For sufficiently large \(k\), \([P^{kd}]_{ij} > 0\) for all \(i,j \in C_r\).
Furthermore, suppose the initial distribution \(\xi_0\) is such that \(\xi_0(\ALPHABET C_0) = 1\) (i.e., the Markov chain starts in cell \(\ALPHABET C_0\)). Then, for any \(r \in \{0,\dots, d-1\}\) and \(j \in \ALPHABET C_r\), we have \[\label{eq:limit-of-P} \lim_{k \to \infty} [P^{(kd + r)}]_{ij} = \frac{d}{m_j}.\]
The following result describes the sample path behavior of the Markov chain.
Theorem 37.2 (Strong law of large numbers for Markov chains) Suppose \(P\) is an irreducible Markov chain that starts in state \(i \in \ALPHABET S\). Then, \[\label{eq:SLLN} \lim_{T \to \infty} \frac 1T \sum_{t=0}^{T-1} \IND \{ S_t = j \} = \frac 1{m_j}.\] Therefore, for any function \(h \colon \ALPHABET S \to \reals\), \[\label{eq:ergodic} \lim_{T \to \infty} \frac 1T \sum_{t=0}^{T-1} h(S_t) = \sum_{j \in \ALPHABET S} \frac {h(j)}{m_j}.\]
Exercises
Exercise 37.1 Let \(\{X_t\}_{t \ge 1}\) be a Markov chain and \(\ALPHABET A\) and \(\ALPHABET B\) be subsets of the state space.
- Is it true that \(\PR(X_2 \in \ALPHABET B \mid X_1 = x_1, X_0 \in \ALPHABET A) = \PR(X_2 \in \ALPHABET B \mid X_1 = x_1)\)?

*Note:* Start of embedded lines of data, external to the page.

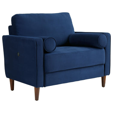 This chair juxtaposes timeless touches and modern style, bringing an aura of casual luxury to your living room. Softer than most in a navy blue velvet, the piece has a streamlined design that fits easily in smaller spaces. Roll-shaped bolster pillows provide comfort, while narrow track arms and peg legs add a clean, contemporary look. Convenient dual USB port keeps devices close at hand and ready for use.
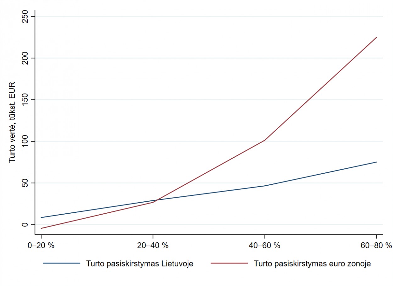 Tyrimas atskleidė, kad Lietuvos namų ūkiai turi sukaupę vidutiniškai 84,3 tūkst. Eur vertės turto. Tai maždaug dviem trečdaliais mažiau už Europos vidurkį (229,2 tūkst. Eur). Tokie rezultatai neatrodo stebinantys, nes praėjusio amžiaus antrojoje pusėje gyventojai senosiose Europos Sąjungos šalyse turtą kaupė rinkos ekonomikos, o Lietuvoje ir kitose posovietinėse šalyse – planinės ekonomikos sąlygomis.
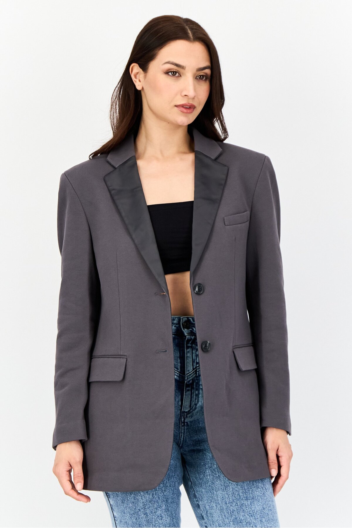 ميزات بليزر رسمي سادة بقصّة عادية للنساء، رمادي من Esprit

- Is it true that \(\PR(X_2 \in \ALPHABET B \mid X_1 \in \ALPHABET A, X_0 = x_0) = \PR(X_2 \in \ALPHABET B \mid X_1 \in \ALPHABET A)\)?
In each case, either prove the result or provide a counterexample.
Exercise 37.2 Consider a Markov chain where the state space \(\ALPHABET X\) is a symmetric subset of integers of the form \(\{-L, -L + 1, \dots, L-1, L\}\) Let \(\ALPHABET X_{\ge 0}\) denote the set \(\{0, \dots, L\}\).
What are the conditions on the tranisition matrix \(P\) such that the absolute values of the state \(Z_t = |X_t|\), \(Z_t \in \ALPHABET X_{\ge 0}\), to be a Markov chain?
Remark: See Exercise 8.8 for a generalization of the idea to MDPs.
Notes
Theorem 37.1 is from (Norris 1998, Theorems 1.8.5 and 1.8.5). Theorem 37.2 goes under different names and I found it hard to find easily accessible references. One such reference is (Durrett 2019, Theorem 5.6.1)